This project explores the application of generative AI in enhancing customer experience through the fine-tuning of a large language model (Meta Llama 2 7B) using Amazon SageMaker and AWS tools. The aim is to develop a domain expert model capable of generating informative, accurate, and contextually relevant text responses for specific domains such as finance (already fine-tuned), medical, or IT.
The goal is to train (fine-tune) the Meta Llama 2 7B foundation model to become proficient in a chosen domain, functioning as a knowledgeable consultant for generating text content that aids internal and customer-facing activities.
- Amazon SageMaker: For model training, testing, and deployment.
- AWS IAM: For managing permissions and access to AWS services.
- Jupyter Notebook: For executing Python code and model training scripts.
- Python: Programming language used for model training and evaluation.
-
Configure AWS Environment:
- Set up an AWS SageMaker IAM Role with necessary permissions.
- Create a SageMaker Notebook Instance using the created IAM role.
- Ensure the region is set to US-west-2 (Oregon).
-
Download Project Files:
- Clone the repository and navigate to the
Notebooks
directory. - Start the SageMaker Notebook instance and open JupyterLab to upload the notebook files.
- Clone the repository and navigate to the
-
Run the Notebooks:
- Use the Model_Evaluation.ipynb to deploy and evaluate the pre-trained model.

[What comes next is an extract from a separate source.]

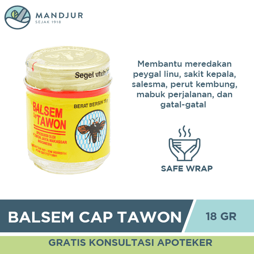 Balsem Cap Tawon mengandung menthol,?camphora, oleum lawang, oleum cajuputi, dan oleum citronellae yang mampu meredakan pegal linu, sakit kepala, s...
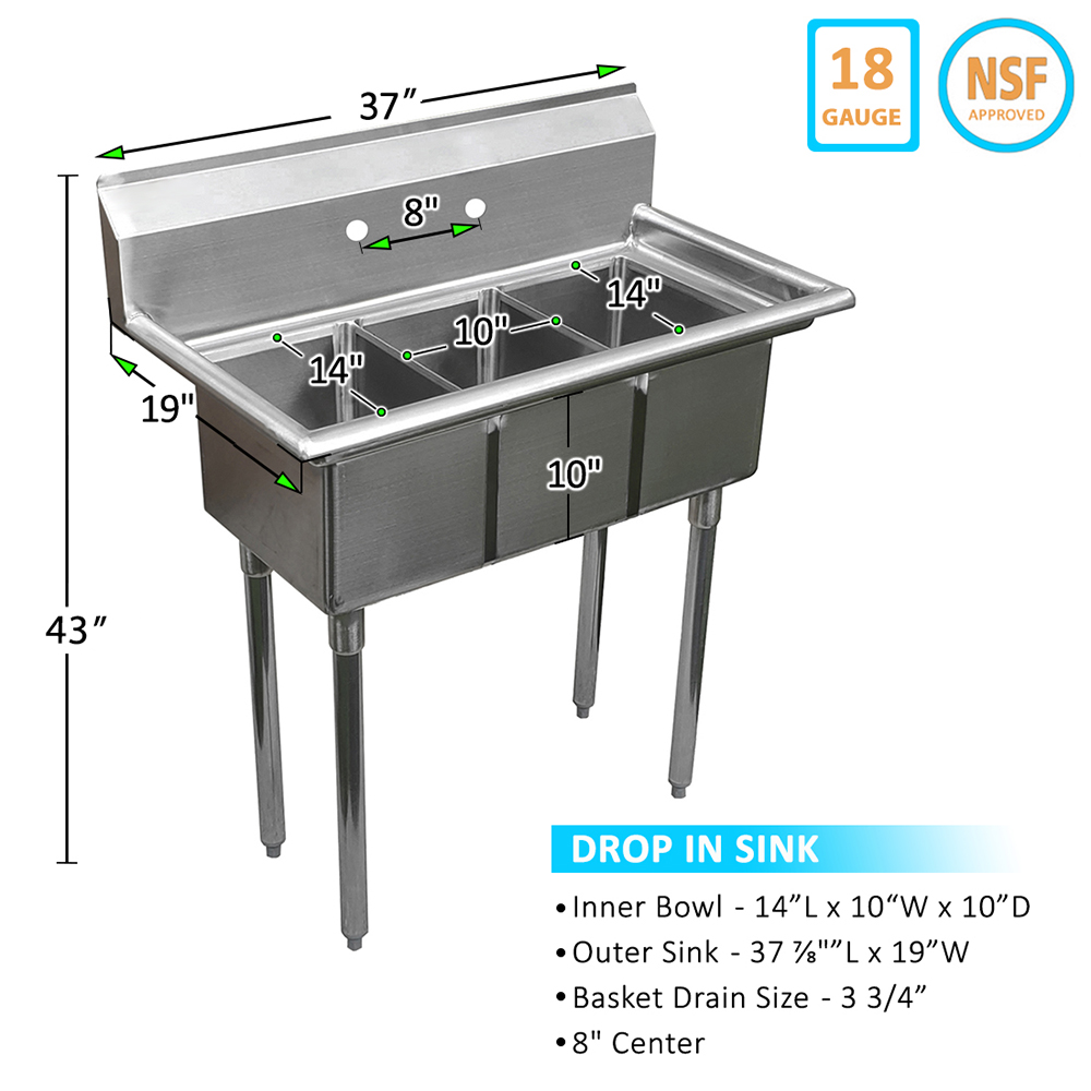 The 10″ x 14″ x 10″ Three-Compartment Sink is a compact and durable solution for efficient cleaning and prep tasks. Made from 18GA/304 stainless steel, ensures long-lasting use. The three compartments allow for separate washing, rinsing, and sanitizing, making it ideal for small kitchens, bars, or utility spaces. Its compact design fits tight spaces while maintaining functionality. Easy to clean and maintain, this sink is a reliable choice for residential and commercial use.

- Use the Model_FineTuning.ipynb to fine-tune the model on your selected domain-specific dataset.
- Select the Dataset: Choose a dataset from the
Datasets
directory relevant to your chosen domain. - Fine-tune the Model: Utilize the notebook to fine-tune the model using the selected dataset, already fine-tuned on financial dataset.
- Deploy and Evaluate the Model: Deploy the fine-tuned model and evaluate its performance on domain-specific tasks.
- Documentation and Submission: Document the process, challenges, and outcomes in the Project Documentation Report.
- Ensure to manage AWS resource usage within your limit by stopping instances and deleting unnecessary resources.